The predilection for the dauntless king of beasts as tomb custodians by the Greeks (especially for warrior-heroes) and their successors as well as the peoples of the Near East was well explained by the animal himself in the epitaph of Simonides from the Greek classical period.[10] The lion articulately states his own case for gracing the tomb of Leon (a most fitting name!). A benevolent, apparently harmless, decorative limestone lion from Perachora (circa 550 B.C.E. quotes: "I am the strongest of beasts, as was he whose grave I stand to guard in stone, of mortals. But if Leon had not possessed my spirit as well as my name I would not have set my feet on his tomb."[11]

Another spirited and witty Leo, Leo Leontius, was laid to rest in the Jewish catacomb of Monteverde. The name Leontius, or Leontios, in the Greek, common to the Jewish onomasticon at this time, was an equivalent of Aryeh (lion in Hebrew) and a substitute for Judah. "Judah [referring to the superior, conquering tribe, offspring of Jacob and source for future rulers] is a lion's whelp," (Gen. 49:8, 9, 10).

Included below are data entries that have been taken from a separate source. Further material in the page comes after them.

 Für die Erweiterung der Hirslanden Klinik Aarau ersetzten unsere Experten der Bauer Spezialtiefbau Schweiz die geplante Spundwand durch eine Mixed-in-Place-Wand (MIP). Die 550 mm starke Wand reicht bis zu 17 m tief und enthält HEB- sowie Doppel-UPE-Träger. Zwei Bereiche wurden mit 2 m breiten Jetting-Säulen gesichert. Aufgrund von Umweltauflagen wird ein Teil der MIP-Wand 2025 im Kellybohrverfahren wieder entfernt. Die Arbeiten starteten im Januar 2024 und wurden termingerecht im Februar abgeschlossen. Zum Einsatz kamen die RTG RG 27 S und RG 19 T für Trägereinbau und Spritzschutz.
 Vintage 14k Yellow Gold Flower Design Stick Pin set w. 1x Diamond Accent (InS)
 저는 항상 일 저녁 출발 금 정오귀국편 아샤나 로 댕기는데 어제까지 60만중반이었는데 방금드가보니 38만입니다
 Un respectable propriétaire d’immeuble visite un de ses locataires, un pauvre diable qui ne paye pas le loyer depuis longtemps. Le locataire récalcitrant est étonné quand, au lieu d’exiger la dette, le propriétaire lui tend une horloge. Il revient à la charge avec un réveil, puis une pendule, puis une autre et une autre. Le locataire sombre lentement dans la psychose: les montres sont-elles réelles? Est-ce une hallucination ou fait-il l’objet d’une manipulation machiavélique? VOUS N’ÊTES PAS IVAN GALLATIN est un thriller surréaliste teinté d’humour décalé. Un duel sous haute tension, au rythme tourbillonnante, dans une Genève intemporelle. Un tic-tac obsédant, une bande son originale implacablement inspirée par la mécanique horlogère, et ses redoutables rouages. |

In a scene with eschatological implications, a single lion painted above the Torah shrine (ark) of the Dura Europos synagogue in front of three figures whom Kraeling concludes represent the "promised king and scribes or teachers of the Law," is referred to by Kraeling as "the earliest known example of the familiar Lion of Judah."[12] as "the Lion of the tribe of Judah, the Root of David who hath prevailed to open the book" and redeem the faithful.

Fig. 6. More aptly pictorializing such descriptions than the cheerful animal from the vicinity of Corinth is the regal, ferocious beast carved on the seal of "Shema', servant of Yarob'am" in Hebrew. Shema' was a high official of King Jeroboam, probably Jeroboam II of Israel.[13] Bronze cast of jasper seal from Megiddo. First half of eighth century B.C.E.

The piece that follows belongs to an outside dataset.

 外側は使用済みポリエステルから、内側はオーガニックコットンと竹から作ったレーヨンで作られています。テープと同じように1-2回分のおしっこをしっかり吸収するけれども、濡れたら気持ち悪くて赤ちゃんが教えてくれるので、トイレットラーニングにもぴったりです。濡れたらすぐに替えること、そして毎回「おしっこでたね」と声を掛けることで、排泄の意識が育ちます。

Of the people of Israel, Balaam predicted: "Behold, the people shall rise up as a great lion" (Num. 23:24); again, the ancient Holy Land was described as a lion (and lioness in Num. 24:9; Ezek. 19:2), and Micah prophesied that her remnants, dispersed among her captors, would be "as a lion among the beasts of the forest, as a young lion among the flocks of sheep: who, if he goes through both treadeth down, and teareth in pieces." (Mic. 5:8).

The lion was a popular emblem --the tribes of Gad and Dan were also compared to lions (Deut. 33:20, 22). By his pursuit of the lawless and the troublers of his people, Judas Maccabeus, his deeds like those of a lion, delivered his people (I Mac. 3:4-6). In the Physiologos, a late fourth century work drawn from Jewish and Jewish Christian writings, Jesus is referred to as the "spiritual lion" and by lineage, (in Rev. 5:5, a reflection of Is. 11:1.[14]

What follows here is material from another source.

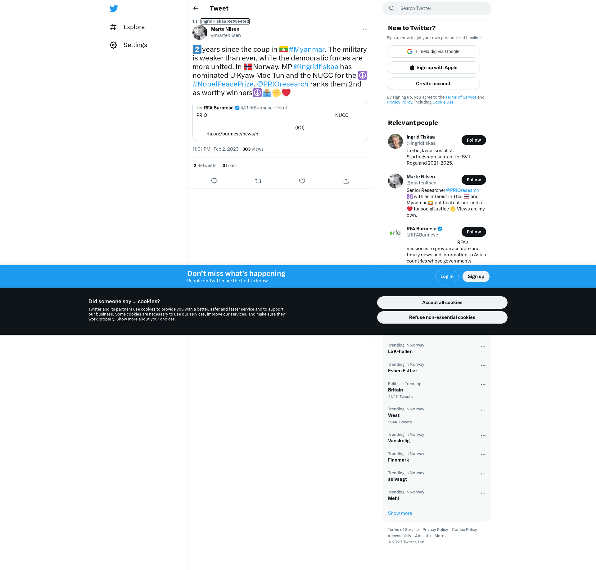 RT @martenilsen: 2⃣years since the coup in 🇲🇲#Myanmar. The military is weaker than ever, while the democratic forces are more united. In 🇳🇴Norway, MP @Ingridfiskaa has nominated U Kyaw Moe Tun and the NUCC for the ☮️#NobelPeacePrize. @PRIOresearch ranks them 2nd as worthy winners☮️🗳️✊❤️
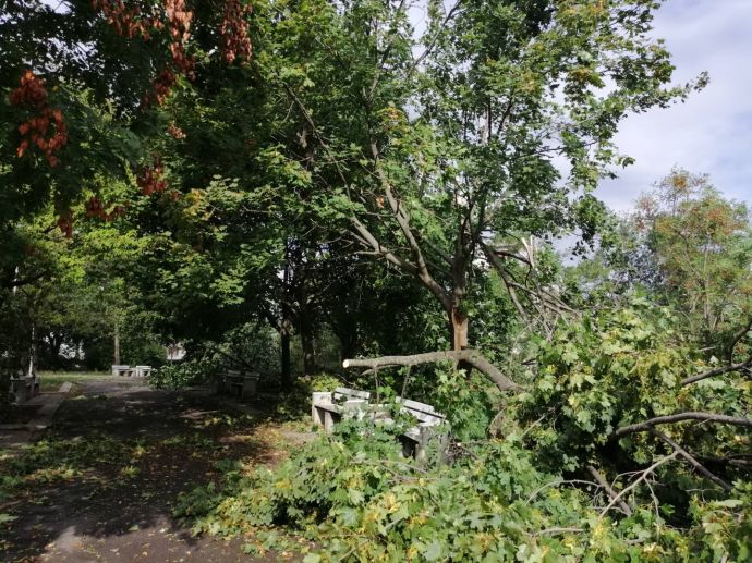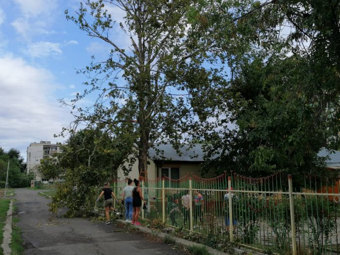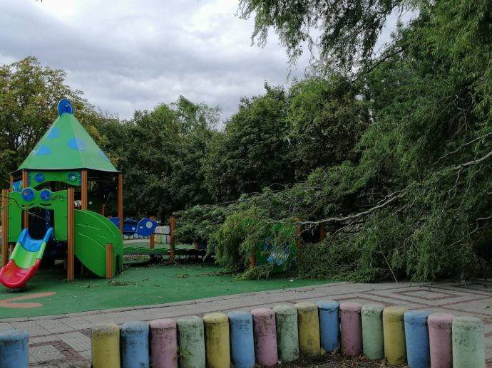 Днес например паркът в ж.к. „Изгрев“ изглежда различен. Дървета са паднали върху пейките, върху детските кътове, лампите на скейтпаркът са изкривени.

Fig. 7. Featured on the epitaph, a rare occurrence, is a lion, in three-quarter view with profile head, sitting in solitary vigil beside possible "sacred scrolls," next to a menorah with attached lulav along with objects which Frey described as a "vessel for oil" and an "ethrog", respectively.[15] Frey recognized the leonine sentinel as "the lion of Judah." From the Catacomb of Vigna Cimarra in Rome. It would seem appropriate, if an actuality, to have the redoubtable beast linked with the Law not only as a guardian figure, but perhaps also because the lion as a solar being would be connected with divine light, allegorically the logos or Word, a source of knowledge--for Jews the Torah, which imparted the Lord's light, and salvation through nurturing wisdom. For Christians the Word became incarnate in Jesus (John 1:14). Apollo, who became a god of the sun and light, personified the rational intellect of the Greek Classical period.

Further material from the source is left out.